鈴木徹がパラリンピック出場に向け日本選手権開催を要望していた!

鈴木徹はパラスポーツにおける走り高跳びの先駆者として、評価されています。

日本パラ陸連のアスリート委員長を務める鈴木徹が、制度や環境を発展させたこともあります。パラ陸上の全国規模大会開催を進言し、これが認められ、2020年9月に日本選手権が開催されました。

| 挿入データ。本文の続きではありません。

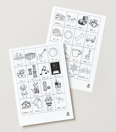 In questo materiale troverai 48 carte, tutte con l’immagine e sotto il nome di quanto rappresentato ma senza una lettera (che potrebbe essere doppia oppure no). Alcune parole cambiano in base al significato, altre sono più complesse, lettere ponte… Il materiale è vario, potrete fare una selezione delle carte da usare.
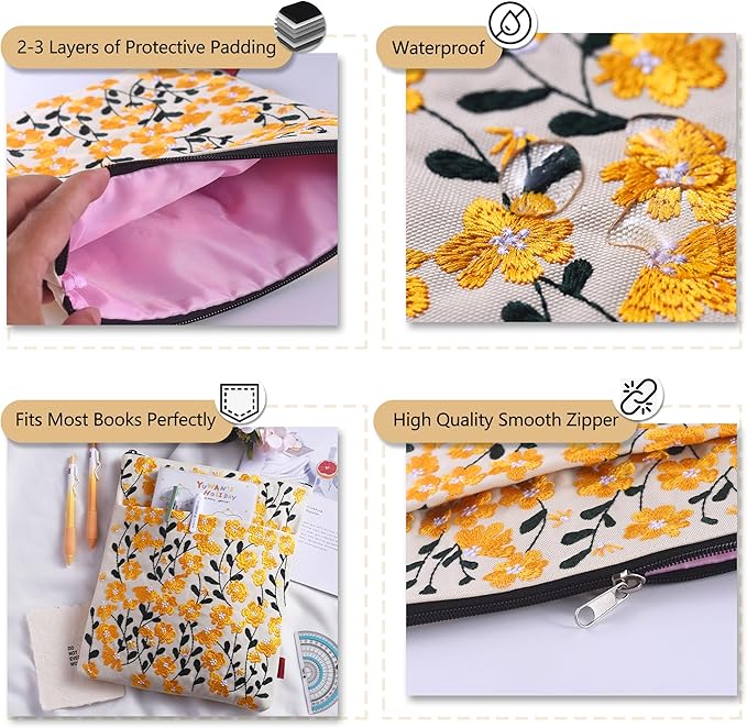 LParkin Embroidered Daisy Flower Book Sleeve with Zipper - Washable Fabric Book Cover Protector for Paperbacks & Hardcover, Gift for Book Lovers (Yellow, 11x8.5 Inch)
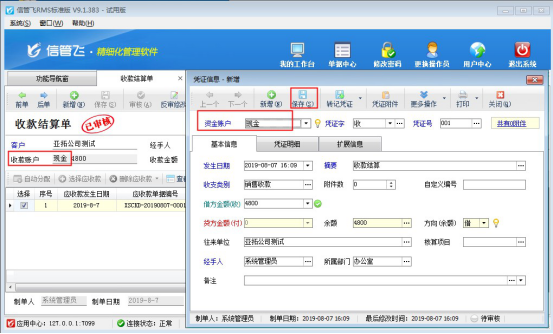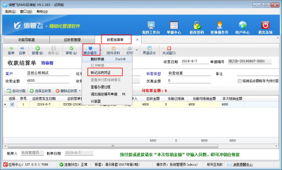 ????信管飛RMS標準版和專業版中增加了出納模塊,可以登記現金銀行日記賬。信管飛RMS 軟件中用戶在做收款結算后如需要把這筆賬管理到日記賬中,可以在收款時轉記到出納日記賬中。在軟件中如何操作呢?

「陸上がスタートラインに立った」と喜んでいた様子からは、競技に掛ける情熱が人一倍熱いことが分かります。

鈴木徹は「高さを作るアーティスト」?

鈴木徹の跳躍は、健側で行われます。特に道具を使わないスパイクだけの跳躍ながらも、浮いている時間が長く感じられるのが特徴的。NHKのインタビューで、スパイク1つで2mの高さに身体が持ち上がる感覚について、「優越感がある」とも語っています。

「みんな誰でもアーティスト」という考えを持つ鈴木徹曰く、自身は「高さを作るアーティスト」なのだそう。ミュージカルの舞台が高いことに触れながら「身体を使って高さを出す表現をしている」と説明しています。

アスリートとしての競技に対する想いと、自身の芸術的とも言えるプレーで観る者の心を動かそうとする、アーティスティックな発想が鈴木徹のハイジャンプを作っているようです。

「障がい者が自分なりに輝く道筋を示す」という目標を掲げている鈴木徹は、これからもその活躍で勇気を与えてくれることでしょう。